Par conclusions adressées par voie électronique le 13 mars 2023, Mme [N] demande à la cour de :
— infirmer le jugement entrepris en toutes ses dispositions,
En conséquence, statuant de nouveau,
Au titre de l’exécution du contrat de travail,
— condamner la société Sodexo à verser à Mme [N] :
. rappel de salaire (janvier 2020 à octobre 2020 inclus) : 8 203,30 euros,
. congés payés afférents au rappel de salaire : 820,33 euros,
. dommages et intérêts pour exécution déloyale du contrat de travail : 5 000 euros,
Au titre de la rupture du contrat de travail,
À titre principal,
— prononcer la résiliation judiciaire du contrat de travail de Mme [N] à la date du 8 octobre 2020,
En conséquence,
— condamner la société Sodexo à verser à Mme [N] :
. indemnité de licenciement sans cause réelle et sérieuse : 12 700 euros,
. indemnité de licenciement : 4 976,20 euros,
. indemnité compensatrice de préavis : 1 640,66 euros,
. indemnité compensatrice de congés payés sur préavis : 164,07euros,
— ordonner la remise d’une attestation Pôle emploi, d’un certificat de travail et d’un bulletin de paie récapitulatif, sous astreinte de 20 euros par jour de retard et par document,
À titre subsidiaire,
— juger que le licenciement pour faute grave de Mme [N] en date du 29 octobre 2020 est sans cause réelle et sérieuse,
En conséquence,
— condamner la société Sodexo à verser à Mme [N] :
. indemnité de licenciement sans cause réelle et sérieuse : 12 700 euros,
. indemnité de licenciement : 4 976,20 euros,
. indemnité compensatrice de préavis : 1 640,66 euros,
. indemnité compensatrice de congés payés sur préavis : 164,07 euros,
— ordonner la remise d’une attestation Pôle emploi, d’un certificat de travail et d’un bulletin de paie récapitulatif, sous astreinte de 20 euros par jour de retard et par document,
En tout état de cause,
— condamner la société Sodexo à verser la somme de 2 000 euros au titre de l’article 700 du code de procédure civile au titre de la procédure devant le conseil,
— condamner la société Sodexo à verser la somme de 2 000 euros au titre de l’article 700 du code de procédure civile au titre de la procédure devant le conseil [sic],
— condamner la société Sodexo aux dépens de l’instance,
— condamner la société Sodexo au versement des intérêts au taux légal, outre l’anatocisme, sur les sommes concernées.
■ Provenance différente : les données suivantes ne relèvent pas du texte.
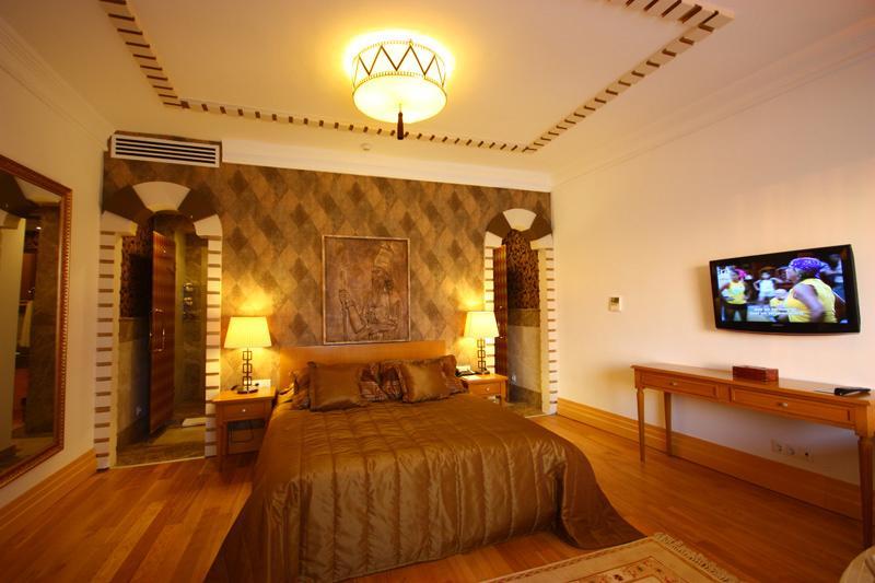 В хотела: хотелският комплекс предлага настаняване в 76 апартамента и на разположение на гостите са - основен ресторант, 6 a- la-carte ресторанта /международен, италиански, диетичен, рибен, турски – с предварителна разарвация, безплатно; гръцки – с предварителна резервация- платен/, диетично меню, вегетарианско меню, детско меню, 5 бара, 3 открити басейна, 2 закрити басейна /с подгряване/, детски басейн, СПА и уелнес център, турска VIP-баня, салони за масаж, кинезитерапия, джакузи, фризьорски салон, 4 конферентни зали, библиотека, бюро за обмяна на валута, търговска част с магазини,

Par conclusions adressées par voie électronique le 10 juin 2023, la société Sodexo Hygiène et Propreté demande à la cour de :
— confirmer en toutes ses dispositions le jugement rendu le 29 novembre 2022 par le conseil de prud’hommes de Versailles,
En conséquence,
— condamner Mme [N] à verser à la société Sodexo Hygiène et Propreté la somme de 2 000 euros, sur le fondement de l’article 700 du code de procédure civile, au titre des frais d’appel,
— condamner Mme [N] aux entiers dépens.
En application de l’article 455 du code de procédure civile, il est renvoyé aux conclusions des parties pour plus ample exposé de leurs prétentions et moyens.
Par ordonnance rendue le 5 mars 2025, le magistrat de la mise en état a ordonné la clôture de l’instruction et a fixé la date des plaidoiries au 11 avril 2025. La décision a été mise en délibéré au 10 juillet 2025 et prorogée au 4 septembre 2025.
MOTIFS DE L’ARRET
Sur l’exécution du contrat de travail
Sur le rappel de salaires
Mme [N] sollicite le paiement de ses salaires des mois de janvier 2020 à octobre 2020 inclus en faisant valoir que dès lors qu’elle s’est opposée par courrier du 8 janvier 2020 à la modification de ses horaires de travail pour passer des heures du soir contractuellement prévues à des heures du matin, son employeur lui a supprimé son badge d’accès le 10 janvier 2020 et ne lui a plus donné de travail.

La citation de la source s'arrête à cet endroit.